I know the anaesthetist gave me something to stop sickness; he mentioned he’d already done it when I told him I didn’t like throwing up. That was whilst he was loading me with a tasty little selection of syringes. Don’t recall my arse being on fire though - haha!
I also warned him I don’t metabolise codeine at all (CYP2D6 gene variants proven) and my resting blood pressure is always ridiculously low (80s/40s-50s), which was appreciated.
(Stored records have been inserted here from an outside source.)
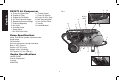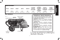 English • Excessive vibration can weaken the air tank and cause rupture or explosion. Excessive vibration will occur if the compressor is not properly mounted or if engine operates above recommended RPM. Attachments & accessories: • Exceeding the pressure rating of air tools, spray guns, air operated accessories, tires, and other inflatables can cause them to explode or fly apart, and could result in serious injury. Tires: • Over inflation of tires could result in serious injury and property damage.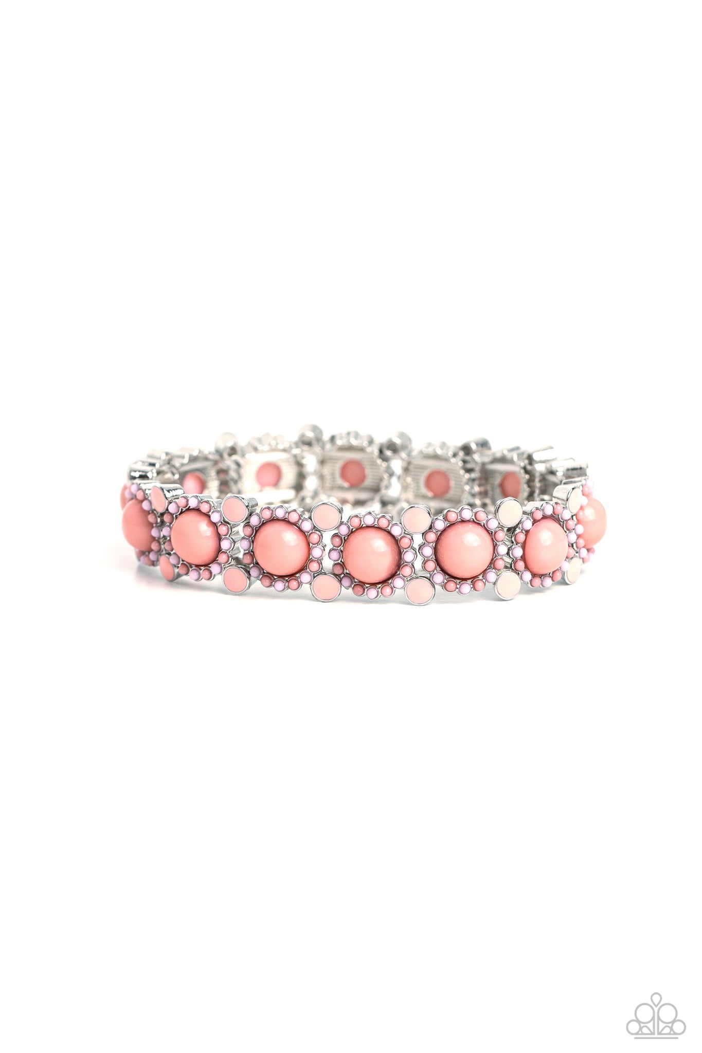 Dotted in glossy Peach Pink beaded centers, baby pink and Peach Pink beaded silver floral frames delicately link around the wrist on stretchy bands for a whimsical arrangement. Separating each floral display, additional Peach Pink beads pressed in thick scalloped fittings continue the bright cheerful motif.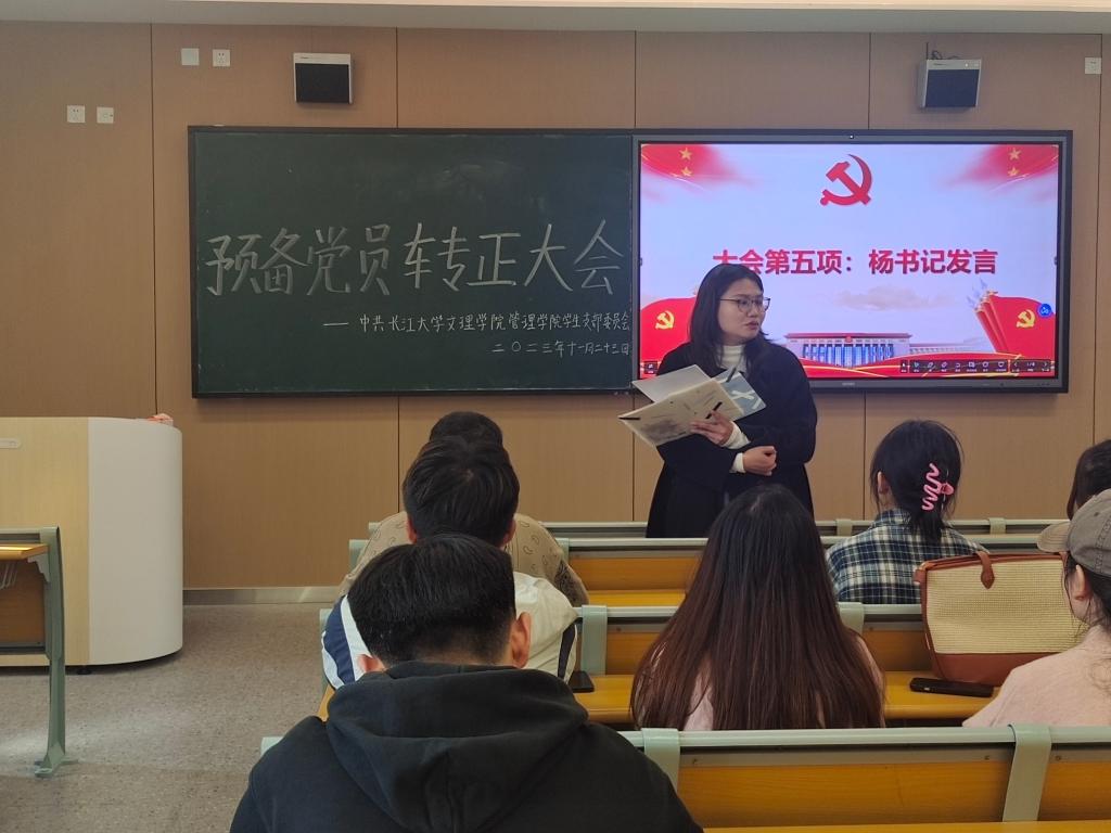 本网讯(通讯员 李宗阳) 2023年11月23日星期四中午12:30,管理公司员工党支部于A-408S召开预备党员转正大会,讨论关于陈露等8名同志转正为正式党员。会议由石佳同志主持,支部其他党员同志及入党介绍人参加此次会议。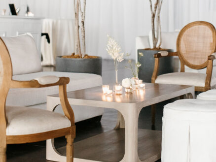 Take Christine and Eric’s late summer wedding at the Estate at Cherokee Dock for example. They transformed the modern style of the event center into an organic lounge space for their guests!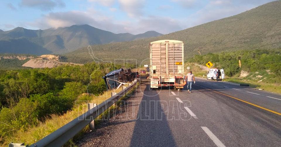 Volcadura de tráiler deja tres lesionados en la Soto la Marina-Aldama
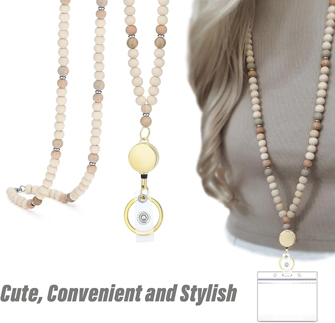 - Stylish Retractable Lanyard for ID Badges - Natural wooden bead lanyards for ID badges. Retractable, stylish and cute. Great as teacher lanyard, lanyards for keys, lanyards for id badges holder, cute keychain lanyard for women, lanyards for cruise ship cards, cruise lanyard for ship cards.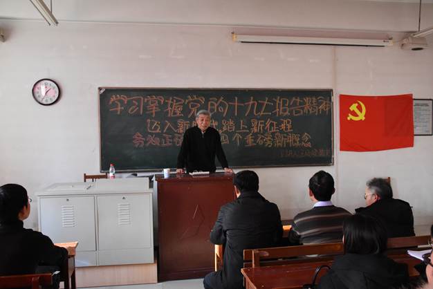 为深入学习和全面掌握党的十九大报告精神,进一步推进“两学一做”学习教育常态化、制度化,12月6日下午,交通工程学院党委邀请学校马克思主义学院退休老党员王凤峣教授在丁1-301教室为师生党员和入党积极分子上了一堂以“学习掌握党的十九大精神报告——迈入新时代,踏上新征程”为主题的专题党课。交通工程学院党委书记窦广会、院长孙红、师生党员以及入党积极分子90余人参加学习,聆听党课。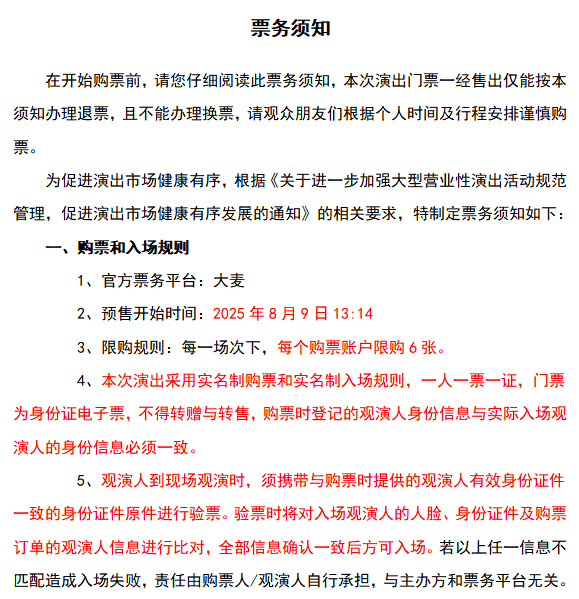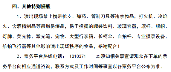 5、请观众提前半小时入场,迟点可能会错过部分演出,须听从工作人员指引,有序进场,就近入座。
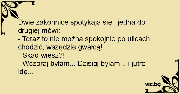 Dwie zakonnice spotykają się i jedna do drugiej mówi: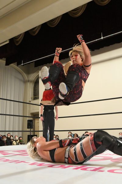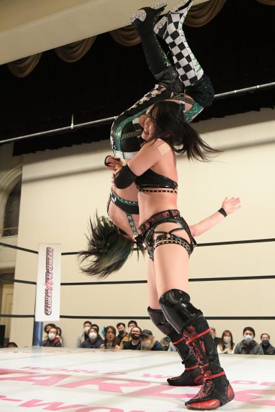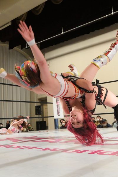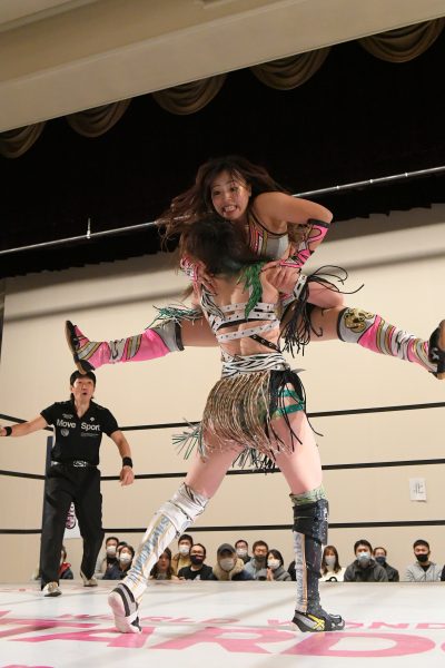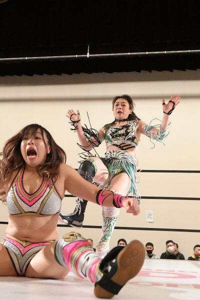 ひめかが鹿島にアルゼンチン・バックブリーカーを狙うが、鹿島が起死回生。ひめかがギリギリでキックアウトすると、再びジュリアが飛び込んできて鹿島にバックドロップを見舞うアシスト。その間にロープに飛んで力を溜めたひめかがラリアットで叩き伏せてからアルゼンチン・バックブリーカーで絞り上げると、鹿島は無念のギブアップ。

I was loopy afterwards - repeatedly asked if I was dead (no), had I been abducted by aliens (no), and would he go and get me a Maccies (polite no). I had no pain because I’d also been given a local anaesthetic into my right thigh (excisional biopsy of an intramuscular myxoma). Felt so well and bursting with energy. The staff were bemused/amused by it all. Had a meal when I returned to the ward, stuffed myself with biscuits (cookies), then pleaded for extra toast and tea at 11pm (NHS toast and tea is food of the gods) and was found shovelling down a massive bar of chocolate and flicking around on my iPad when they came round for 2am rounds.
I also went down to theatre loopy. Due to the needle phobia they’d given me diazepam an hour before. Didn’t sedate me, didn’t erase my memory, just got rid of all the anxiety and any verbal filter I previously had. Begged them to sell me as many pills as the £12 I’d brought to hospital would buy, and when I saw the big syringe of propofol asked if that was what killed MJ. When he laughed and said yes I replied “Coooool… at least you know it works!” Then boom, it was 90 minutes later in what felt like two seconds.
I think you folk are amazing - keeping us safe, free from pain and then waking us up after we’ve been operated on. Many thanks!
(and to any NHS staff reading, you’re also amazing).